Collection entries
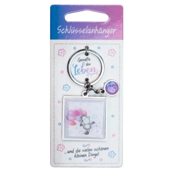 Mit diesem Schlüsselanhänger begleitet Dich das kleine Schäfchen mit den Luftballons überall mit hin. Der kleine runde Blumenanhänger ist ein extra Blickfang.
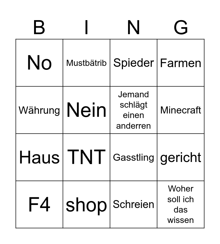 This bingo card has 16 words: F4, shop, Spieder, Farmen, Währung, Mustbätrib, Gasstling, gericht, No, Nein, Schreien, Minecraft, Haus, TNT, Jemand schlägt einen anderren and Woher soll ich das wissen.
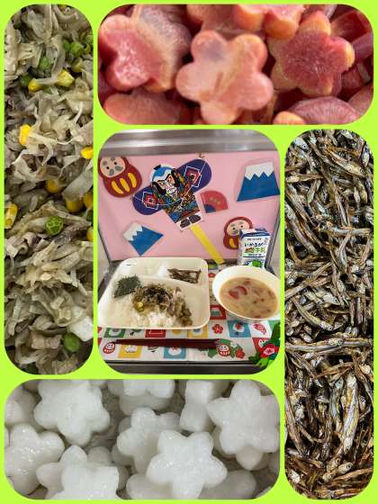 今日の給食献立は、正月の行事献立!『きんぴらちらし、ぞう煮、ごまめ、ごはん、牛乳』でした。
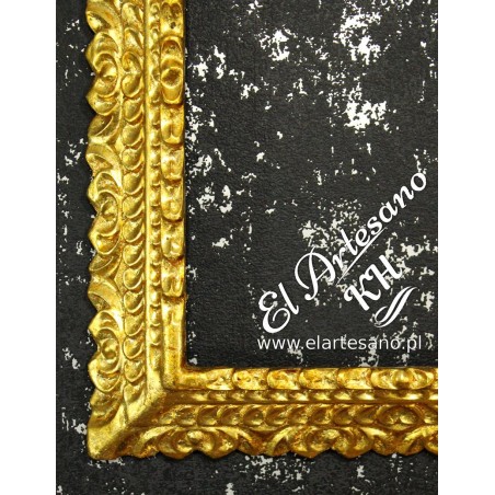 Elegante marco de madera de cedro con adornos tallados a mano. Dorado con pan de oro (shagmetal) con una precisa técnica de dorado.
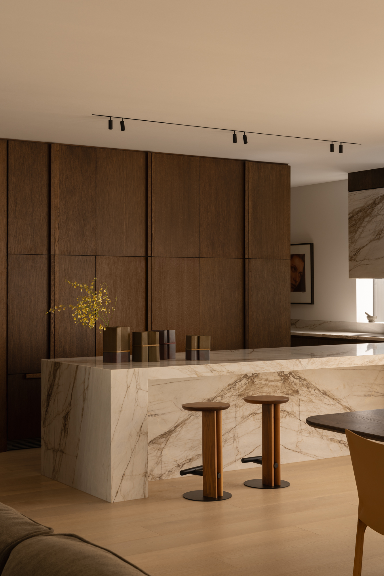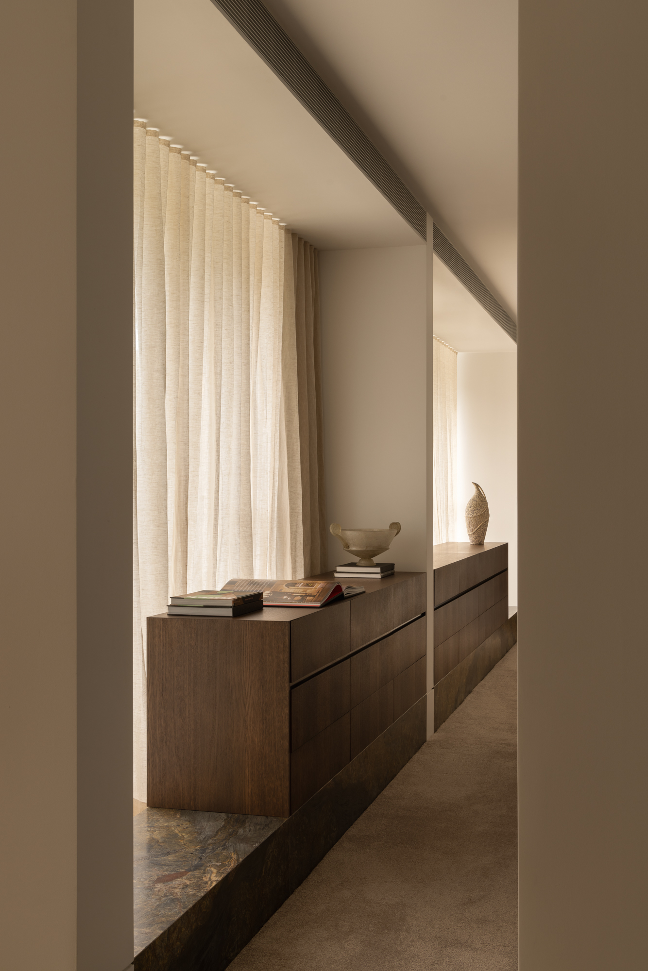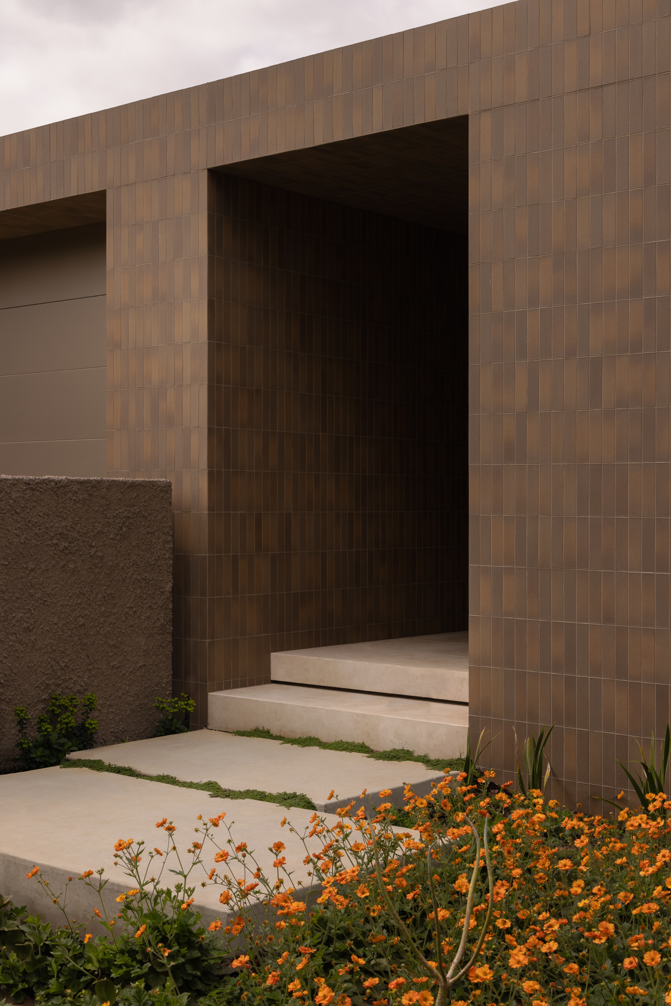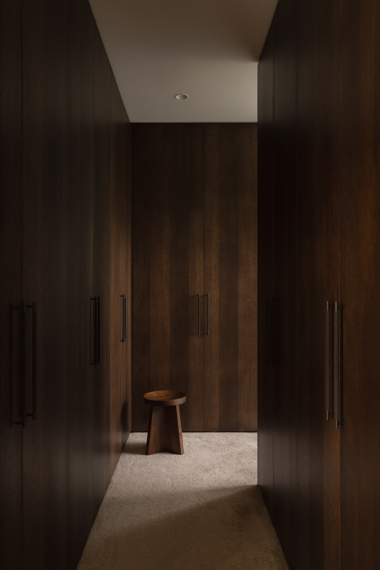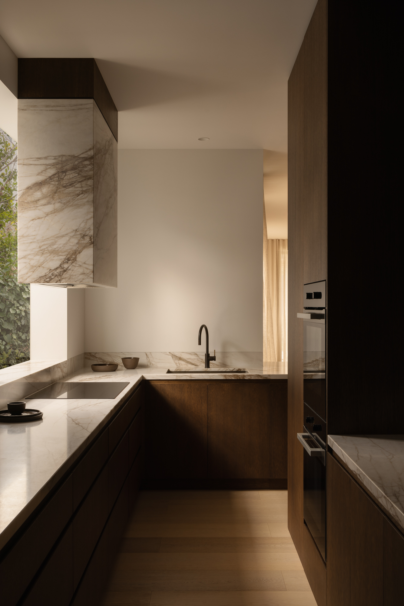 Concealed behind a façade of intricately crafted tiles, a natural warmth tints the interior of Montana Jewel as the light filters through bronzed framed windows and honey toned sheer curtains. A grand timber pivot door with a dark, rich grain and a handcrafted bronze handle, serves as an impressive entry to the home – a stunning design collaboration between Homeroom Studio and ADDARC.

#### [Work task]
Word-for-word copy, no pictures: write out the entries above in full.

#### [Exercise answer]
 Mit diesem Schlüsselanhänger begleitet Dich das kleine Schäfchen mit den Luftballons überall mit hin. Der kleine runde Blumenanhänger ist ein extra Blickfang.
 This bingo card has 16 words: F4, shop, Spieder, Farmen, Währung, Mustbätrib, Gasstling, gericht, No, Nein, Schreien, Minecraft, Haus, TNT, Jemand schlägt einen anderren and Woher soll ich das wissen.
 今日の給食献立は、正月の行事献立!『きんぴらちらし、ぞう煮、ごまめ、ごはん、牛乳』でした。
 Elegante marco de madera de cedro con adornos tallados a mano. Dorado con pan de oro (shagmetal) con una precisa técnica de dorado.
 Concealed behind a façade of intricately crafted tiles, a natural warmth tints the interior of Montana Jewel as the light filters through bronzed framed windows and honey toned sheer curtains. A grand timber pivot door with a dark, rich grain and a handcrafted bronze handle, serves as an impressive entry to the home – a stunning design collaboration between Homeroom Studio and ADDARC.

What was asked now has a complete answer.